16th Sunday in Ordinary Time - Year C

Genesis 18:1-10; Colossians 1:24-28; Luke 10:38-42

I asked a friend of mine what this Gospel was about. He said: Choices. It’s all about choices. And recognising which choices best lead to salvation.

Immediately my mind began racing. I thought first of Mary, who sat down at the Lord’s feet and listened to him speaking while Martha was distracted with all the serving. Each of these women made a choice when Jesus arrived and Mary chose ‘the better part’.

Then I thought of last week’s gospel and the choice the priest and Levite made to cross to the other side of the road when they saw the man lying half dead. It’s not like they ‘accidentally’ crossed to the other side, a kind of coincidence. No, they saw the man in his distress and made a choice, a bad choice, both for the poor victim and for themselves.

The Samaritan, on the other hand, made a choice to go to the aid of his fellow human being, his neighbour and in so doing made a choice also in favour of his own salvation.

As the Catechism instructs us: §1 God infinitely perfect and blessed in himself, in a plan of sheer goodness freely created man to make him share in his own blessed life. And then, further on: §1033 We cannot be united with God unless we freely choose to love him. Tragically, Adam and Eve chose disobedience – they chose to love themselves – and like all wrong choices the consequences were disastrous all round.

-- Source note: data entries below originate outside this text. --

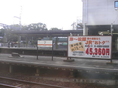 13時18分、津(つ)駅に到着しました。 三重県の県庁所在地の駅です。 ここで多数の乗客が乗り込んできました。 |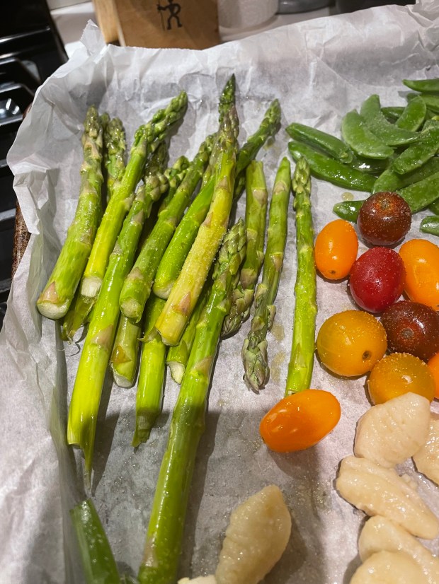 On the larger pan add your gnocchi, tomatoes, asparagus and snow peas. Drizzle the olive oil over everything and with your hands make sure all items are covered with oil. Add salt and pepper, to taste.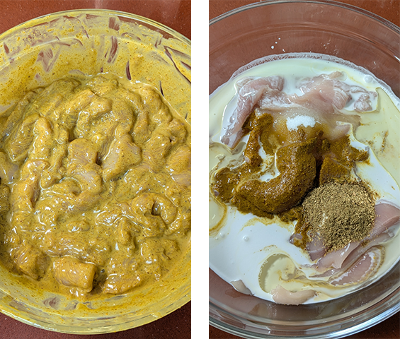 לקערה עם העוף מוסיפים חלב קוקוס וחלב מאודה, את תערובת המים והתבלינים, סוכר, אבקת תיבול תאילנדית, רוטב סויה, רוטב צדפות, שמן ומלח. מערבבים היטב את העוף במשך כשתי דקות עד שהעוף סופג חלק מהנוזלים. מכסים את הקערה ומכניסים למקרר למשך שעתיים.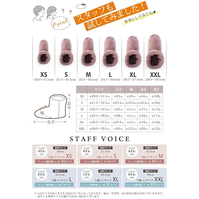 ❄【あったかスリッパ素材または裏地】ボアスリッパ毛羽部分:ポリエステル100%(マイクロファイバー繊維)中材:PVC製中板【高繊維綿素材 裸足ではいても気持ちいい 】綿毛が密生しており保温力に優れ、光沢に富んだシルキ- -なタッチ。【高繊維綿素材 裸足ではいても気持ちいい 】綿毛が密生しており保温力に優れ、光沢に富んだシルキ- -なタッチ。【サイズ(外寸)】❄ Mサイズ22.5~24.5cm(長さ:約26cm/幅:約11cm/高さ:約17cm/重さ:約214g);❄Lサイズ24.5~26.0cm(長さ:約28cm/幅:約11cm/高さ:約18cm/重さ:約235g);❄XLサイズ26.5~27.5cm(長さ:約29.5cm/幅:約12cm/高さ:約19cm/重さ:約249g);❄XXLサイズ28~29.5.cm(長さ:約30cm/幅:約12.5cm/高さ:約20cm/重さ:約282g)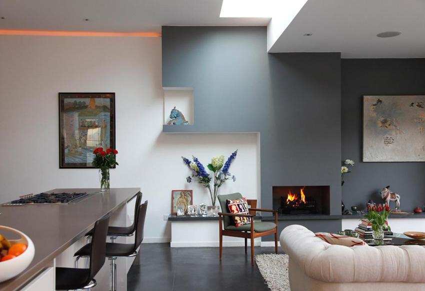 The minimalism style is considered one of the most common areas of modern design. This style excludes the use of unnecessary details, a large amount of furniture and a bright color palette. The walls of the room should be light and monochromatic. For one of the walls, you can use blue concrete, embossed natural or artificial stone, texture, cork panels.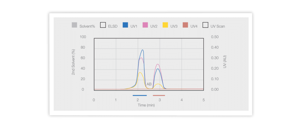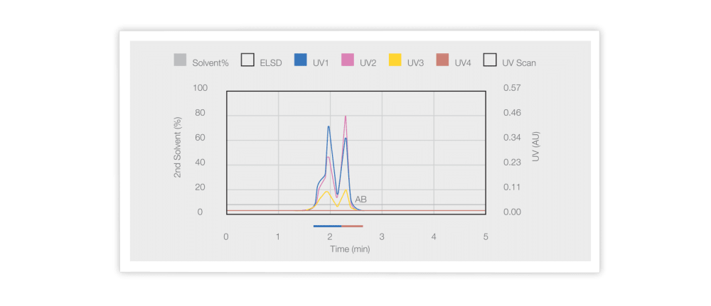 If I use a C18-AQ phase instead, I can use 100% water in the mobile phase. With this approach, I can obtain complete separation of the two polar vitamins (see graph below) with the chromatography system.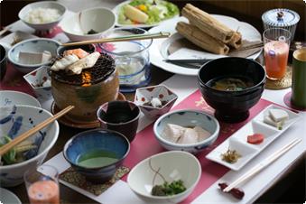 都わすれが支持される理由の一つに夕食があるといいます。女将の誘いでやって来た日本料理店で料理長をしていた板長が、クオリティの高い新しい感じの田舎料理が食通をうならせているようです。ベジタリアンの方や、マクロビオティック食の相談も聞いてくれるそうですよ。

Perhaps the most devastating of these consequences was the impairment of our ability to see things clearly enough to choose wisely. It was as though our hearts and minds were covered with a thick fog, causing a kind of blindness which easily mistakes evil for good and good for evil.

Very few people make a wrong or a poor choice deliberately. If only we could see and evaluate with clear eyes and wise hearts, but we can’t. We judge wrongly and then choose badly.

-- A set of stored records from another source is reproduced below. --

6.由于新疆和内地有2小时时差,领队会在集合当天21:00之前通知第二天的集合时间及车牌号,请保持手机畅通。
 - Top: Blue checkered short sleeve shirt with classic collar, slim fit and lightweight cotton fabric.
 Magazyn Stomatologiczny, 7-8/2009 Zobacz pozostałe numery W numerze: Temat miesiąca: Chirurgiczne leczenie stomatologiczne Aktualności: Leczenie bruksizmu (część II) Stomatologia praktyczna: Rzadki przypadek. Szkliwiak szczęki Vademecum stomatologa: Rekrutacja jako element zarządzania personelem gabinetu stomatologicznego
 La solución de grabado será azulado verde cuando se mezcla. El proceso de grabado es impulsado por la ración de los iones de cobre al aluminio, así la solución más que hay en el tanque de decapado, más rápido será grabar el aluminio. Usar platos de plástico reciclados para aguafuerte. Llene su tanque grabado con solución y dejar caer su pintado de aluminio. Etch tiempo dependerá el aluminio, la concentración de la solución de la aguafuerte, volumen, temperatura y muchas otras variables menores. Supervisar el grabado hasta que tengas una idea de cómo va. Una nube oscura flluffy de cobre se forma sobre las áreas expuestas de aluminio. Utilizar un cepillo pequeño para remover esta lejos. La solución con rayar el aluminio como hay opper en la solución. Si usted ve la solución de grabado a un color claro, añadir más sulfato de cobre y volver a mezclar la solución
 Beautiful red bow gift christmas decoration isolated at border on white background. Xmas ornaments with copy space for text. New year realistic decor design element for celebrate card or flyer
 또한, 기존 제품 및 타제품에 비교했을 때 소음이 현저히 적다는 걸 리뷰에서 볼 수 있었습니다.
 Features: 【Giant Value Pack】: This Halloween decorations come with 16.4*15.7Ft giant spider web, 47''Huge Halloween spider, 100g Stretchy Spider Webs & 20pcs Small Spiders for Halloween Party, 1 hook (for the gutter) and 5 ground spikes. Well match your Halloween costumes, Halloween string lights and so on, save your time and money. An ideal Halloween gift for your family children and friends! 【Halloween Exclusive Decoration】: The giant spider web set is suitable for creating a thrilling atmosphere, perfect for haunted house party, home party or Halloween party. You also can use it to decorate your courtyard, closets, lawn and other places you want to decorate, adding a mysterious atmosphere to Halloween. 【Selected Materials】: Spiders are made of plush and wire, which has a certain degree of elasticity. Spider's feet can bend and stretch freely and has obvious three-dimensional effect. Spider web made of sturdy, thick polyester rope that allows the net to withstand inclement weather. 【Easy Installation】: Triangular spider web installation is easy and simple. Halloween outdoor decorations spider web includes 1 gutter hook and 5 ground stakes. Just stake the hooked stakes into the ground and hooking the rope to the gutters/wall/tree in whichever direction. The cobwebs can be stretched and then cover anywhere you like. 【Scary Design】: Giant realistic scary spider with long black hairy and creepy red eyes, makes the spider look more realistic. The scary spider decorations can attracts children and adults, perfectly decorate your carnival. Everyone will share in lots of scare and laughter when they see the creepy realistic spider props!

For this sad situation there is only one remedy. Can you guess what it might be? Let me tell you. The answer to our inner blindness which causes us to make faulty decisions is: God’s commandments.

God is not blind. God sees all things clearly, in their essence. God sees into the depths of everything, not just the appearances. He understands his creation and the laws by which it prospers and flourishes. He sees into the future and comprehends the smallest and the largest effects of each action. Nothing at all is hidden from him.

This is why God’s commandments are so crucial to our happiness. In the wisdom of his laws God offers poor blind, confused humanity a safe route by which to achieve happiness on earth and to reach its heavenly homeland. In his commandments we discover the wisdom to choose as God chooses. No wonder he is always telling us that his word is life (c.f. Mtt 4:4; Jn 6:47).

And yet, isn’t it amazing how we resist the commandments of God? God commands us not to kill and so we murder the infant in the womb and dispatch the elderly with a hypodermic needle. God defines marriage as between a man and woman and we redefine it to include same sex couples. God declares sodomy to be an abhorrent sin and we declare it to be a matter of gender equality, a right. Is it any wonder the world is heading for ruin?

We say the Church is in a mess, and so it is, but the world is in a much larger mess. The Church is at least trying to reform, to purge itself of its failures, but the world is stumbling headlong towards its own destruction because it will not recognise and admit its errors.

By way of conclusion let me point out a critical area in which young Catholics – in a messy world – would do well to let God inform their choices – the area of vocations.

I punched the word choice into my Bible concordance programme and discovered that the first eleven times the word is used in the Bible is in regard to the choosing of a marriage partner. Now, I find that exceedingly interesting.

Who among us would maintain that young people today give this matter sufficient thought and prayer? I certainly don’t. And yet it is an area in which God clearly offers his help if only we would turn to him. In Genesis 24:48 Abraham’s servant is led by God to the woman he has chosen to be a wife for Isaac and the servant prays: I bowed down and worshipped God...who had so graciously led me to choose... Young people, God led that servant to choose and he will do the same for you.

Finally there is the area of religious and priestly vocation. God knows we need young men and women from among our number to give themselves entirely to the service of God ... but only if God himself calls them. John 15:16 recalls this truth: You did not choose me, no, I chose you. God chooses and we respond. Let us all, as well as the young men and women themselves, pray for the grace to discern and to respond to God’s call.

God’s choices are always made with an eye to our eternal happiness. His choices are expressed in his commandments. We do well to keep them.